Python provides a syntactic tool to express mapping and filtering operations in a more concise way.

It's called a list comprehension and it looks like this:

[expression for item in iterable]

Simplify Mapping Operations


        numbers = [1, 3, 5, 7, 9]
        squares = []
        for number in numbers:
            squares.append(number * number)
    

We can simplify the above expression to this:


        numbers = [1, 3, 5, 7, 9]
        squares = [number * number for number in numbers]
    

Instead of initializing a new list and building it up
over a for-loop, we generate the list all at once.

You can use any iterable in a list comprehension:


        numbers = (1, 3, 5, 7, 9)
        squares = [number * number for number in numbers]
    

        tags = soup.select("h1")
        headers = [tag.text for tag in tags]
    

But as the name implies, the result of the comprehension will be a Python list.

List comprehensions have an expanded syntax that lets us do filtering too:

[expression for item in iterable if condition]

Simplify Filter Operations


        numbers = [1, 2, 3, 5, 6, 13, 21, 34]
        even_numbers = []
        for number in numbers:
            if number % 2 == 0:
                even_numbers.append(number)
    

We can simplify the above expression to this:


        numbers = [1, 2, 3, 5, 6, 13, 21, 34]
        even_numbers = [num for num in numbers if num % 2 == 0]
    

We can filter and map in one line.
Let's say we want to filter a list of numbers down to
just the even numbers then square them:


        numbers = [1, 2, 3, 5, 6, 13, 21, 34]
        evens_squared = [num * num for num in numbers if num % 2 == 0]
    

Unpacking tuples works the same way it does in a for loop:


        # Find all pairs that add up to an even number:
        pairs = [(1, 2), (2, 2), (1, 3), (2, 3)]
        even_pairs = [(a, b) for a, b in pairs if a + b % 2 == 0]
    

What questions do you have?

When you call a function like this:


        def add(a, b):
            return a + b

        add(1, 2)
    

...what actually happens?

  1. You call a function
  2. Memory is allocated on the stack for the function
  3. Function returns result
  4. Memory is reclaimed

Function calls are usually a one-way process

This function stores the result in a list and then returns it:


        def evens_until(start, until):
            result = []
            current = start
            while current <= until:
                if current % 2 == 0:
                    result.append(current)
                current += 1
            return result
    

Using this:


        for number in evens_until(2, 2000):
            print(number)
    

What about this?


        for number in evens_until(2, 2_000_000_000):
            print(number)
    

This used up 15 GB of memory.

This function returns a generator:


        def evens_until(start, until):
            current = start
            while current <= until:
                if current % 2 == 0:
                    yield current
                current += 1
    

        for number in evens_until(2, 2000):
            print(number)
    

A generator is an example of what's called "lazy evaluation".
Unlike in real life, in computation laziness can be a good thing!

Generators

  • A generator lets us compute one result in a sequence at a time
  • We can keep yielding control back to the function until we don't need more results...
  • ...or until the function has no more results to give us.
  • If we reach that point, we say the generator is exhausted.
  • We don't have to exhaust a generator. We can stop earlier if we want:

Generators let us work with infinity:


        def all_positive_integers():
            current = 1
            while True:
                yield current
                current += 1

        for number in all_positive_integers():
            print(number)
            if number > 1000000:
                break
        print("Ok that's enough.")
    

        def evens_until(start, until):
            current = start
            while current <= until:
                if current % 2 == 0:
                    yield current
                current += 1

        result = evens_until(2, 10)  # Result is a generator.
        for number in result:
            print(number)       # Prints 2, 4, 6, 8, 10
        for number in result:
            print(number)       # Prints nothing!
    

Limitation 1:

You can only iterator over a generator once.

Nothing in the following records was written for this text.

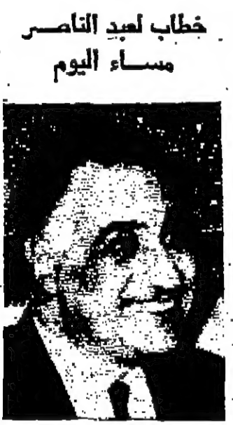
خطاب لعبد الناصر مساء اليوم

عبد السيد للثورة عمان - ١١ - يصرف اليوم جلالة الملك السيد الملك الحسين بن عبد الله الكبرى ، الأسرة الهاشمية الكبرى التي زاد في بهجتها الحق من الله بها على جلالة الملك وهو الأمير بان زرقها الأربعين زين وعقشة عشية استقبال مسوها العام الجديد من غيرها السيد الجديد .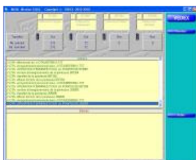
W630 écran de récupération des pointages

W630 recherche automatiquement la clé USB. Le transfert est exécuté sans aucune autre intervention.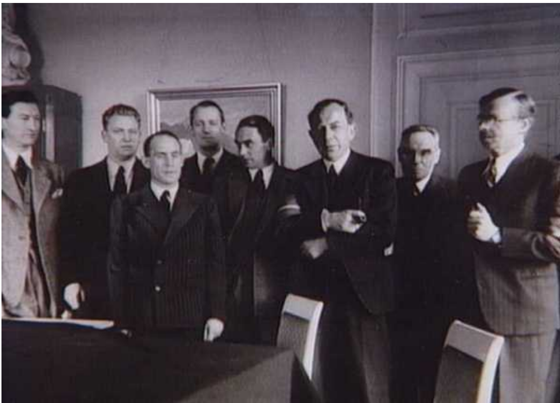
Membres del Consell Danès per a la Llibertat després de l'ocupació.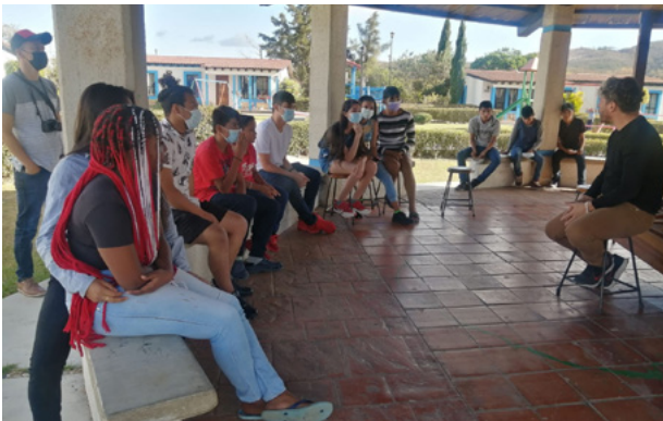
IDC y socios interactuando con niños que tienen experiencia vivida en migración y detención en México

Además, IDC colaboró con IMUMI y SOS Children's Villages en México y Centroamérica para facilitar el diálogo con niños, niñas y adolescentes con experiencia vivida en migración y detención, con el propósito de promover su liderazgo y desarrollar herramientas para la incidencia. IDC brindó asesoría técnica en evaluaciones y metodologías éticas y participativas.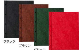
ブラック ブラウン グリーン エンジ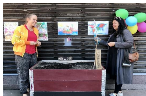
Skördefest i stadsodlingen i september 2021

Arbetet med stadsodlingen kom igång ordentligt under 2020 och 2021. Kursdeltagarna i kursen Klimatomställning i teori och praktik lär sig olika processer i odling, som tex jordförbättring och bokashi. De planerar även för att utveckla platsen till en mötesplats för boende och verksamma i Skärholmen. Centrumledningen har installerat ett vattenutkast i anslutning till stadsodlingen och vi har haft god hjälp av Fryshuset vars sommarjobbande ungdomar har hjälpt till med vattning under sommaren samt konstnärlig utsmyckning av pallkragarna.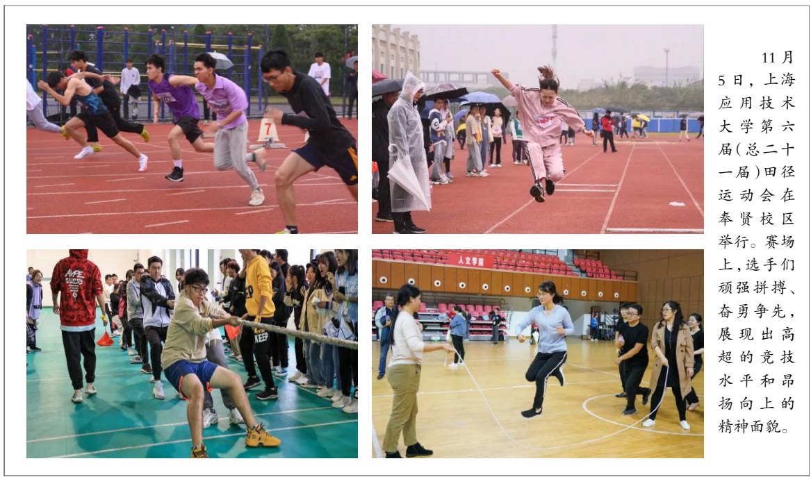
11 月 5 日,上海应用技术大学第六届(总二十一届)田径运动会在奉贤校区举行。赛场上,选手们顽强拼搏、奋勇争先,展现出高超的竞技水平和昂扬向上的精神面貌。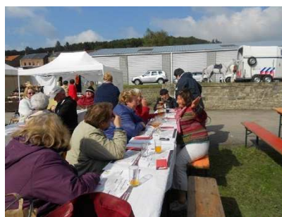
On a préféré la nature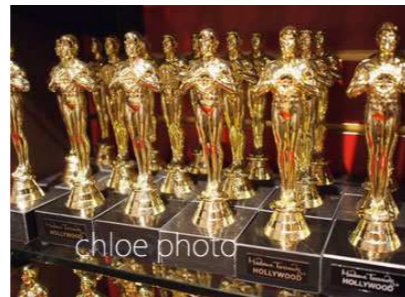
オスカー像 これでアナタもアカデミー賞！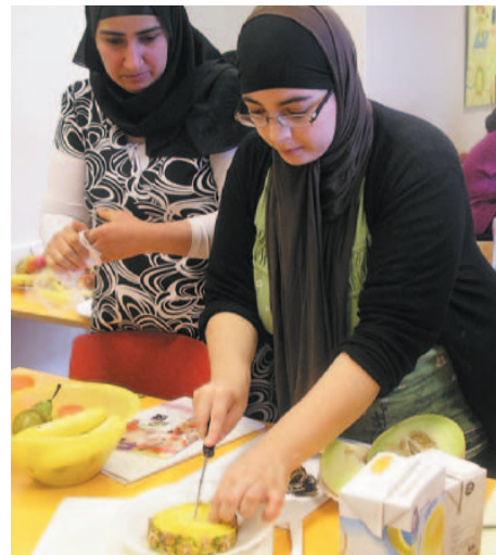
Meedoen aan de quiz 'Gezond en duurzaam eten'

        def evens_until(start, until):
            current = start
            while current <= until:
                if current % 2 == 0:
                    yield current
                current += 1

        result = evens_until(2, 10)
        result[1]
        TypeError: 'generator' object is not subscriptable
    

Limitation 2:

You can't access an element via index.

Work-around:


        def evens_until(start, until):
            current = start
            while current <= until:
                if current % 2 == 0:
                    yield current
                current += 1

        result = evens_until(2, 10)
        result_as_list = list(result)
    

You can convert a generator to a list if a list is what you need.

This will really blow your mind:

A coroutine is like a generator, but for both ends.

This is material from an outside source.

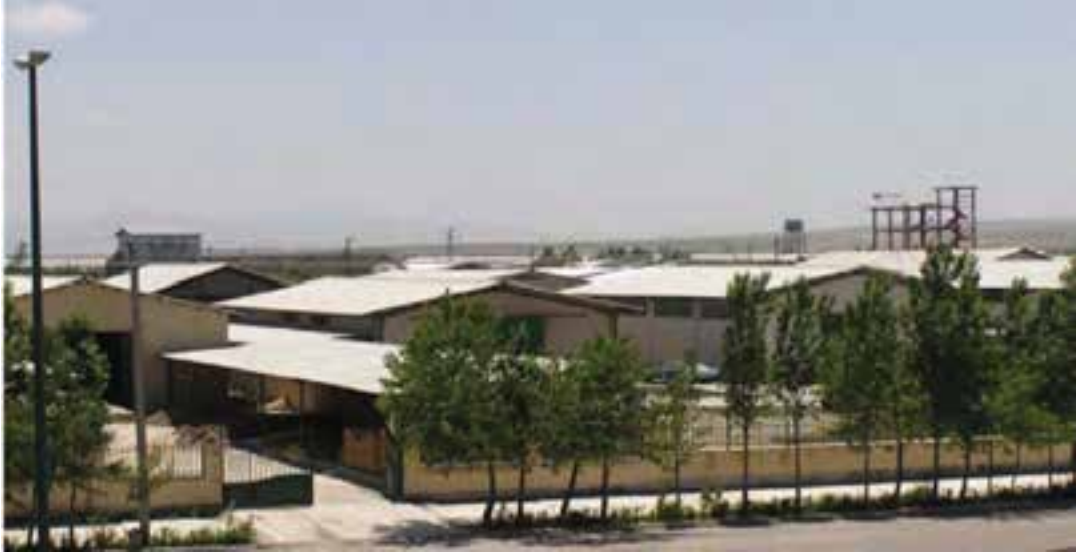
شکل ۲-۶- شهرک صنعتی اردبیل ۱

۲- شهرک صنعتی اردبیل (۲): عملیات اجرایی این شهرک از سال ۱۳۸۰ در زمینی به مساحت ۶۰۰ هکتار (امکان توسعه تا ۷۰۰ هکتار) آغاز شد. این شهرک که بزرگ‌ترین شهرک صنعتی استان است در فاصله ۱۳ کیلومتری بزرگراه اردبیل- آستارا واقع شده است همجواری این شهرک با گمرک و فرودگاه و نیز واقع شدن در مسیر بزرگراه اردبیل به تهران و نداشتن محدودیت‌های زیست محیطی برای استقرار واحدهای صنعتی مختلف از مزایا و جاذبه‌های این شهرک می‌باشد.

What questions do you have?

So far, we have always operated under the assumption that when we define a function we have to know exactly what the arguments can be:

def scrape(html,
           name_selector='[itemprop="name"]',
           ingredient_selector='[itemprop="recipeIngredient"]',
           step_selector='[itemprop="step"]'):
        [...]
    

But what if we wanted to write a function where we don't know what the arguments would be in advance?

Or maybe we don't even care?

This is called a variadic function, and python lets us create them.

Imagine I want to write a function that behaves like this:


        add(1, 2)        # Returns 3
        add(1, 2, 3)     # Returns 6
        add(1, 2, 3, 4)  # Returns 10
    

How can I write a function that takes different numbers of arguments?

Here's how:


        def add(*args):
            total = 0
            for number in args:
                total += number
            return total
    

The asterisk indicates that when the function is called the arguments, no matter how many they are, will be stored in a list called args.

We can mix variadic and non-variadic arguments


        def what_things_are_there(first_thing,
                                  second_thing,
                                  *rest_of_things):
            print(f"The first thing is: {first_thing}")
            print(f"The second thing is: {second_thing}")
            print("There are {} other things".format(len(rest_of_things))
    

But the *args part has to be last.

Keyword-arguments work too:


        # returns False:
        is_there_a_cow(horse=True, chicken=True, emu=True)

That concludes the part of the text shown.